> **How to complete this task**: Your reply is to be the lines below, exactly as written, with images omitted.

---------- Information provided ----------

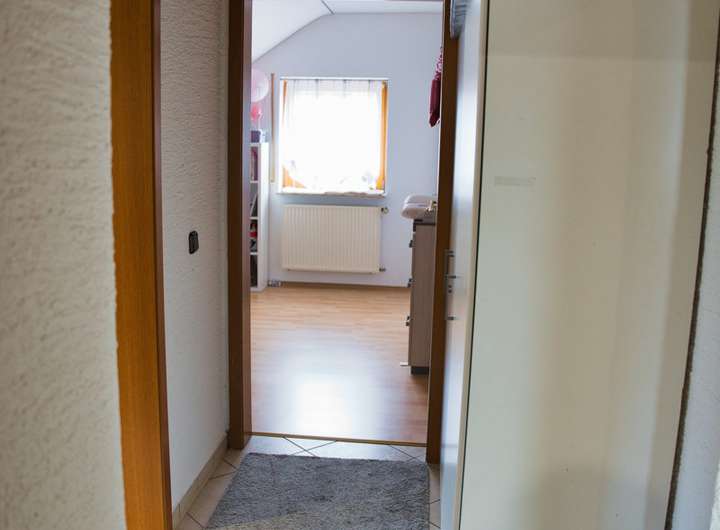 Durch die Haustüre betreten Sie den Hausflur, von dem aus eine Treppe in die oberen Etagen führt.
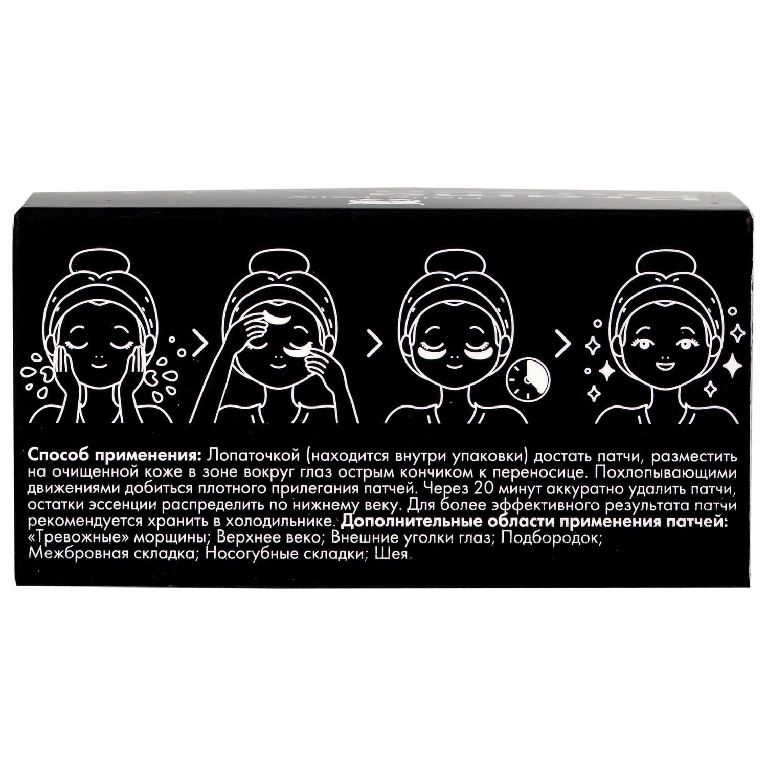 Дополнительные области применения патчей - тревожные» морщины: верхнее веко, внешние уголки глаз, межбровная складка, носогубные складки, подбородок, шея.
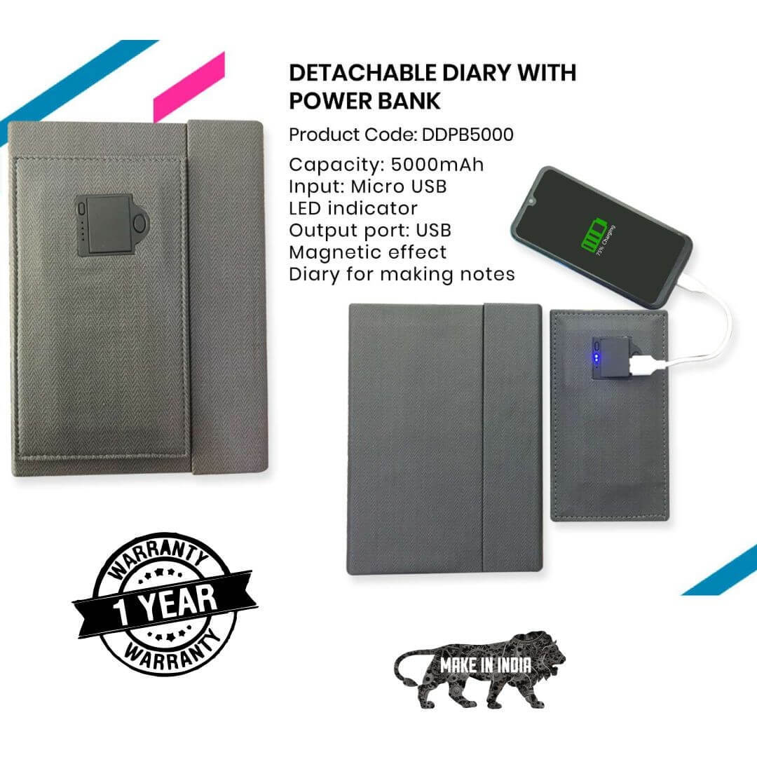 डिटैचेबल डायरी पावर बैंक 5000mah
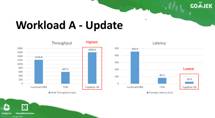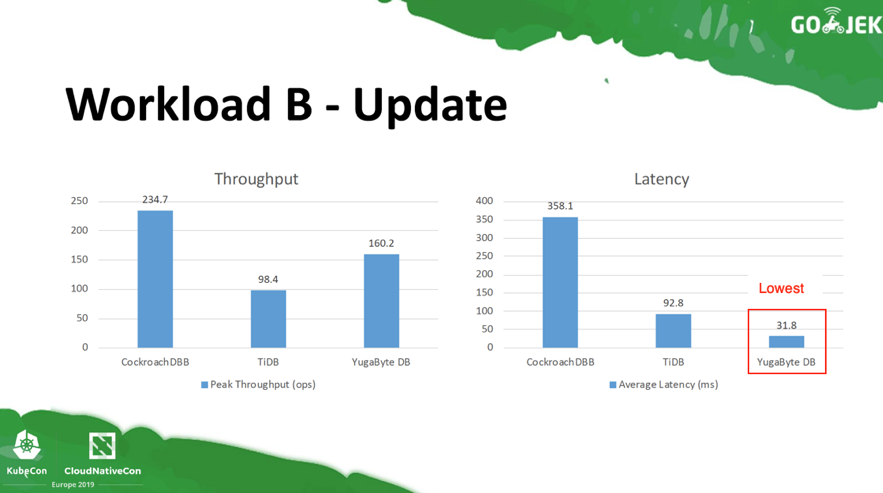 Iqbal Farabi and Tara Baskara, Systems Engineers from GO-JEK Indonesia, recently presented the results of their benchmarking of cloud native databases on Kubernetes at KubeCon Europe in Barcelona. The three databases they benchmarked were CockroachDB, TiDB and YugabyteDB. This post brings their presentation (video recording) and slides (PDF) to the attention of our readers. It also highlights a few areas of collaboration between the GO-JEK team and YugabyteDB Engineering.

----------

> **Your solution**:
 Durch die Haustüre betreten Sie den Hausflur, von dem aus eine Treppe in die oberen Etagen führt.
 Дополнительные области применения патчей - тревожные» морщины: верхнее веко, внешние уголки глаз, межбровная складка, носогубные складки, подбородок, шея.
 डिटैचेबल डायरी पावर बैंक 5000mah
 Iqbal Farabi and Tara Baskara, Systems Engineers from GO-JEK Indonesia, recently presented the results of their benchmarking of cloud native databases on Kubernetes at KubeCon Europe in Barcelona. The three databases they benchmarked were CockroachDB, TiDB and YugabyteDB. This post brings their presentation (video recording) and slides (PDF) to the attention of our readers. It also highlights a few areas of collaboration between the GO-JEK team and YugabyteDB Engineering.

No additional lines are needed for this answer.